STELLA E GLI UBRIACONI DEL SUO BAR

STELLA E GLI UBRIACONI DEL SUO BAR

Il bar rionale non poteva certo essere un faro attrattivo per turisti e neanche essere paragonabile ad un caffè in stile viennese. Il rione e la periferia erano sinonimo di quartieri popolari che nascondevano spesso degrado e situazioni sociali difficili.

Noi ragazzi, compagni di classe del liceo venivamo da famiglie tutto sommato di media bassa borghesia e non avevamo alle spalle grossi disagi ma la realtà che ci circondava era spesso ben diversa.

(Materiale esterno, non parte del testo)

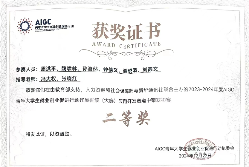 冯大权教授与张晓红教授作为指导老师,在2023-2024年度AIGC青年大学生就业创业促进行动作品征集大赛中荣获应用开发赛道初赛二等奖,展现了实验室在促进青年创新创业方面的积极作用。同时,车达研究员荣获2024年国青杯艺术设计作品展评优秀指导教师奖,进一步提升了实验室在艺术设计领域的影响力。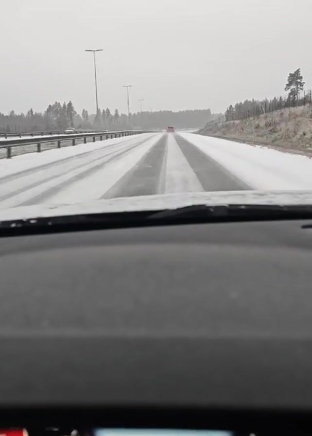 - "A forward-facing interior perspective shows a vehicle traveling on a highway that is partially covered in snow" by FM-mgiLz2, licensed under CC BY 4.0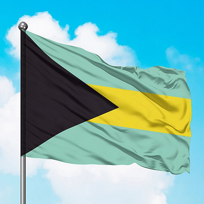 Флаг Багамских островов – один из официальных символов Багамских островов. Официально утвержден 10 июня 1973 года. Черный равнобедренный треугольник символизирует единство и решительность багамцев. Три горизонтальные ленты одинаковой ширины символизируют природные ресурсы острова: две ленты аквамаринового цвета сбоку символизируют море. а золотая..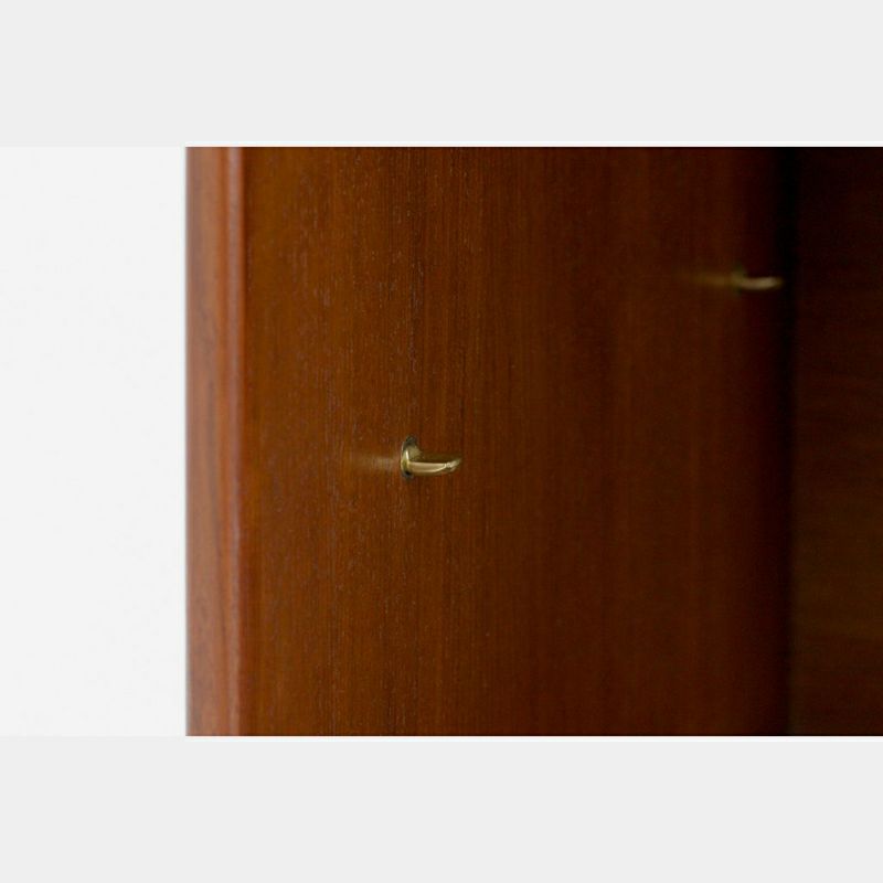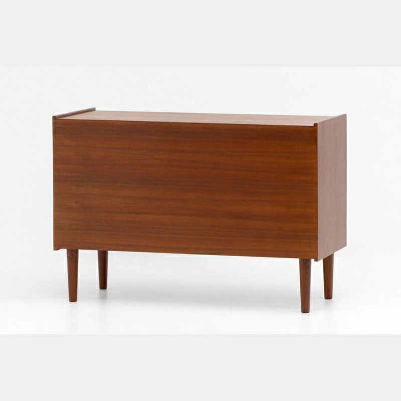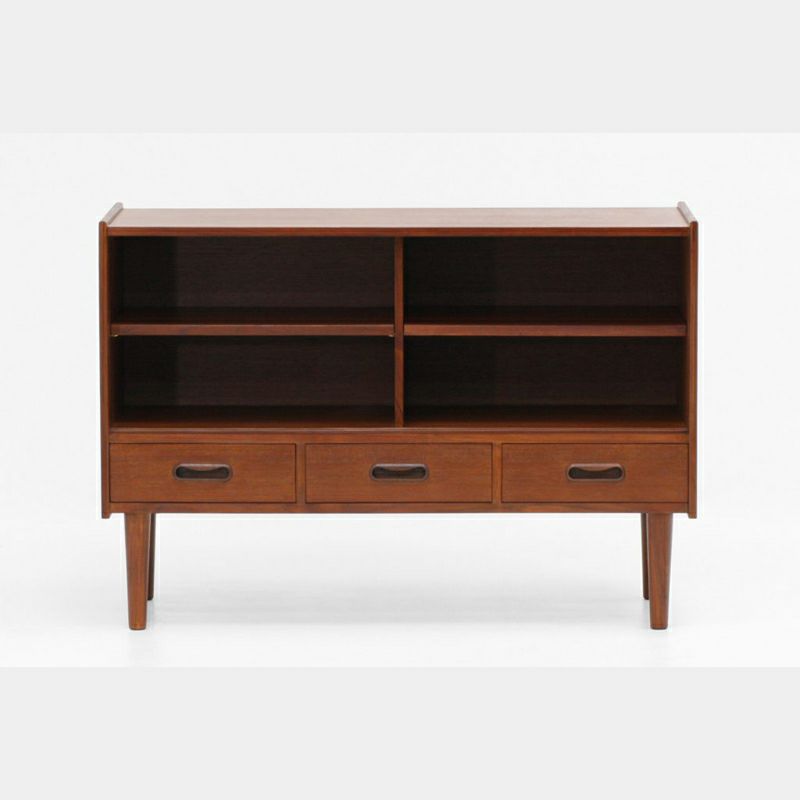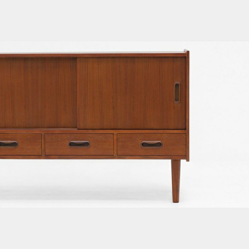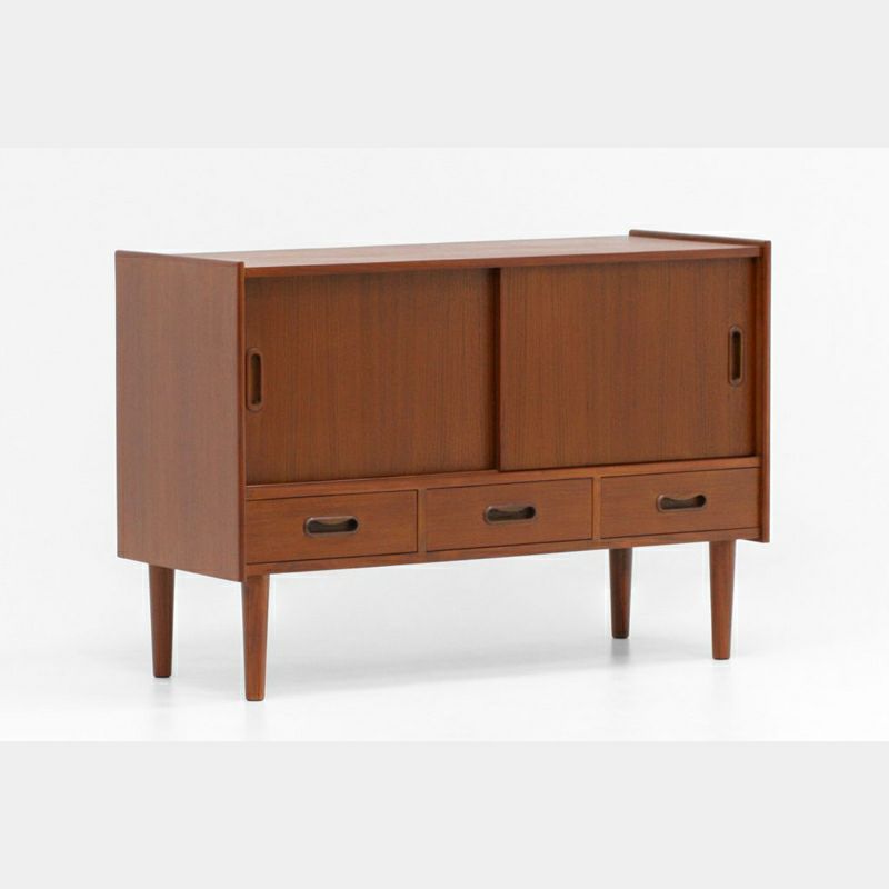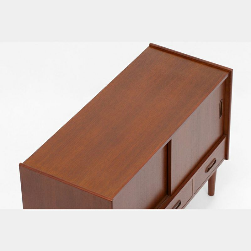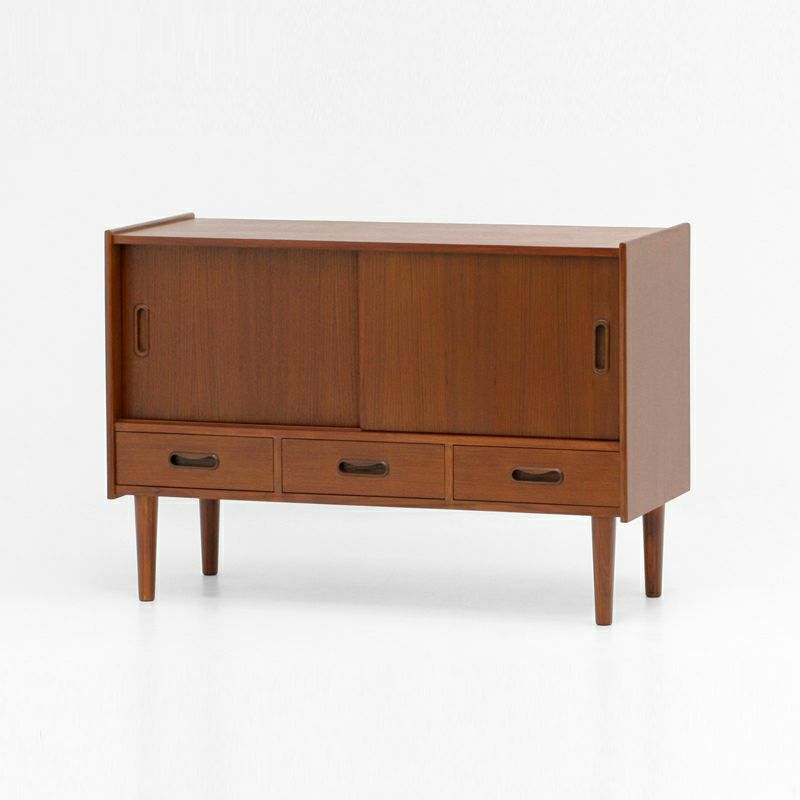 Klokkenシリーズのワイドキャビネットは、チーク材の木目が美しく、細長な脚と丸みのある取っ手が特徴です。低めの天板には雑貨や観葉植物などを飾り、見せる収納を楽しめます。小物の整理に役立つ引出しを備え、引戸内の棚は取り外しが可能で、効率良く収納できます。リヴィングはもちろん玄関先や階段下などにもおススメ。

LA BIONDA STELLA ⭐️ E I CLIENTI DEL BAR

La bionda Stella, padrona del bar vicino alla piazzetta pedonale del rione, doveva spesso combattere con gli ubriaconi che frequentavano il suo modesto ma bel baretto.

Un calice qua, uno spritz là, un amaro laggiù e un whisky soda Campari bitter erano il suo fare quotidiano più che acque minerali, caffè, cappuccini e menta piperita.

Già alle nove del mattino certi sfaccendati o persone pensionate oziavano beatamente in preda ai fumi dell’alcool biascicando parole, leggendo i giornali, fumando e donando alla bella Stella ⭐️ Stellina attenzioni di amore eterno e relazioni sentimentali infuocate. Stella ⭐️ che si sapeva fare, diceva sempre di si si, vedremo oppure se ne stava in silenzio a fare le sue faccende.

C’erano poi quelli che la difendevano dalle avances pensando di essere paladini della giustizia delle povere bariste indifese ma anche per loro non c’era grande speranza.

Poi c’eravamo noi, ragazzi liceali. Stella stava spesso con noi a chiacchierare, come una sorella maggiore e a noi piaceva, eccome se piaceva. Il nostro socio Frankie avrebbe fatto il giro del mondo a piedi per poter passare una serata solo soletto con lei ma al momento questo tour mondiale non era cominciato…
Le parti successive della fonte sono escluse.